И обессилив, села мать за стол, заплакала, перебирая складки разорванной Бобрыкиным проклятым куртки, и мутные, как в скисшем молоке вода все слезы эти капали и капали в клеенковый горох.
«Я тоже маму иногда убить хочу», – сказала тихо Таня.
«Я тоже маму иногда убить хочу», – подумал тихо он.
– Надежда Николавна, здрасьте, можно к Сане?
– Танюша, здравствуй, умница моя. Он делает уроки, позже приходи…
И Шишина, гремя ключами по коридору к спальне отпирать пошла.
- Твоя-то заходила, стрянь такая! «Надежда Николавна, здрасьте, можно к Сане»? – шипела, передразниваясь, мать. - Вот вспомнишь, вспомнишь Саша матери слова! Не ветерком надуло! Сживет тебя со свету эта, ох сживет, сживет…
«Сживет! - подумал Шишин выходя из спальни. – Так говорит, как будто у нее во рту газета, или пауки, сживет-сжует… сживет-сжует…»

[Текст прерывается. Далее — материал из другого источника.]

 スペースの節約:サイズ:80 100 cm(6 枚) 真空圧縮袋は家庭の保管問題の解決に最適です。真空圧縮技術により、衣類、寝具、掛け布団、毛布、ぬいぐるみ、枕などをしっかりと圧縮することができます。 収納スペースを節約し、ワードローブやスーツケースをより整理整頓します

«Весь мир в кармане! Чейз! – сказала Таня. – Там про любовь, но детектив… Ужасно интересно! Почитай…»
– Она дала? – спросила мать, портфель перебирая.
– Не она, – ответил он.
– Она-она, я знаю, зна-а-ю… – сказала мать, и книгу порвала.

– Теперь смотри, как кто-нибудь пойдет, – сказала Таня, и у окна на цыпочках стояли, ждали, как кто-нибудь пойдет.
Из-за забора показалась мать с своей тележкой, шла бормоча сквозь свет осенних листьев, палкой воробьев гоня…
– Вон мать идет…
Они переглянулись.
– Вот! – сказала Таня, и, палец приложив к стеклу, закрыла мать.
– Так будет с каждым, кто нарушит клятву четырех стихий, шестой звезды и сонной рыбы, что под корнем глухим в коре ствола живет, отныне, повсеместно. Навсегда! Клянись!
– Клянусь, – ответил Шишин,
– Саша! Я пришла! – сказала из прихожей мать.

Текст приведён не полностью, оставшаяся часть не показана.